We next determined the Jaccard similarity of the respective individual perturbed pathway genes for each pair of subjects, whose PEEPs are significantly enriched with genes of the pathway. The low similarity values (J ∼ 0.1, Fig. 3c) confirm that although all considered subjects show significant perturbations in these asthma-specific pathways, the specific perturbations differ greatly between subjects. These differences limit the power of group-wise DE gene sets to detect affected pathways. As shown in Supplementary Table 1, group-wise DE genes cover only a small fraction of the asthma-related pathways: only 7 out of 35 pathways show nominally significant enrichment (uncorrected p-value <0.05, Fisher’s exact test); after Bonferroni correction, only two pathways remain. Taking individual perturbation profiles into account thus considerably boosts the ability of enrichment analysis tools to identify important disease-associated pathways.
We repeated the analysis of the heterogeneity among perturbed pathways also for AD and PD, using general pathway annotations from Molecular Signatures Database (MSigDB)27 and functional gene ontology (GO).28 The results again indicate that the same biological function or pathway is perturbed in different ways in different patients (Fig. 3d–f). These results allow us to formulate our third main result: while patients show considerable perturbation heterogeneity at the PEEP level, they show a high degree of homogeneity at the pathway level. In other words, the different perturbations within a certain molecular pathway lead to similar outcomes, in line with the disease module hypothesis.
Predicting diseases from PEEPs
Taken together, our results indicate that patients with the same disease exhibit highly heterogeneous perturbations that nevertheless point towards common functional disruptions. This suggests the existence of a broader group of genes, whose perturbations are associated with the specific disease.
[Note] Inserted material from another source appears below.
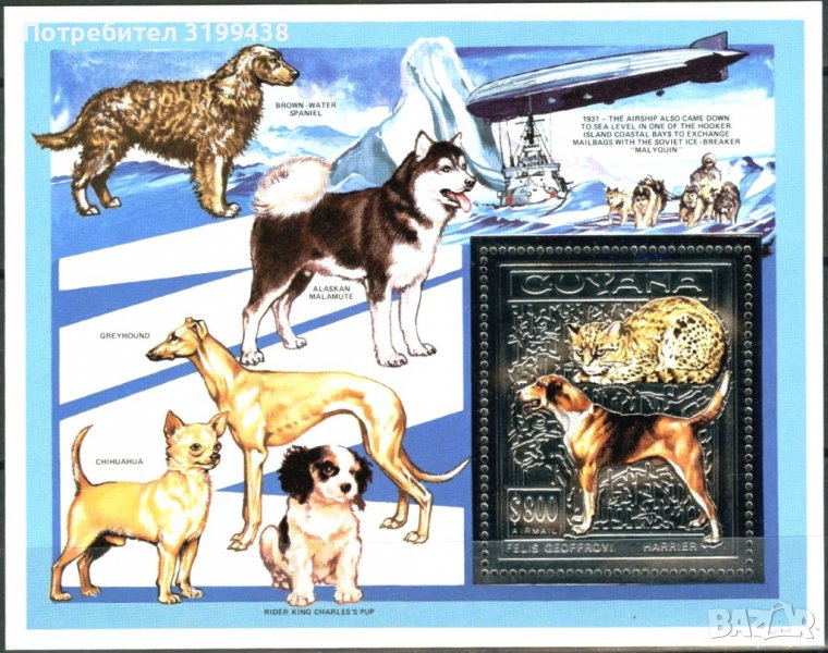 Чист блок Фауна Кучета и Котки 1993 от Гвиана.

As we demonstrate next, by compiling all genes that are perturbed in a significant fraction of the case subjects, we can accurately predict the disease state of each patient.
Given the relatively high number of genes perturbed in the individual profiles (Fig. 2a), a gene may appear in several subjects simply by chance. Indeed, we find that the number of genes that are shared among control subjects is compatible with random expectation (Fig. 4a). In the healthy control group, possible individual perturbations of the regulatory network are unlikely to be shared among different individuals. For this group, the simplified model of complete independence between subjects is thus a reasonable approximation, as also shown by the good agreement between data and theory reported in Fig. 4a. For case subjects, however, the number of shared genes significantly exceeds the random expectation (Fig. 4b). These frequently appearing genes point to the existence of a disease module, a pool of genes whose perturbations are often associated with the disease. Using a combinatorial model, whose basic assumption is that the individual PEEPs constitute random subsets of the disease module (see Methods for details), we can determine the size of this module analytically, obtaining gene pools containing 234 genes for asthma, 470 for PD and 1076 for HD (Fig. 4c).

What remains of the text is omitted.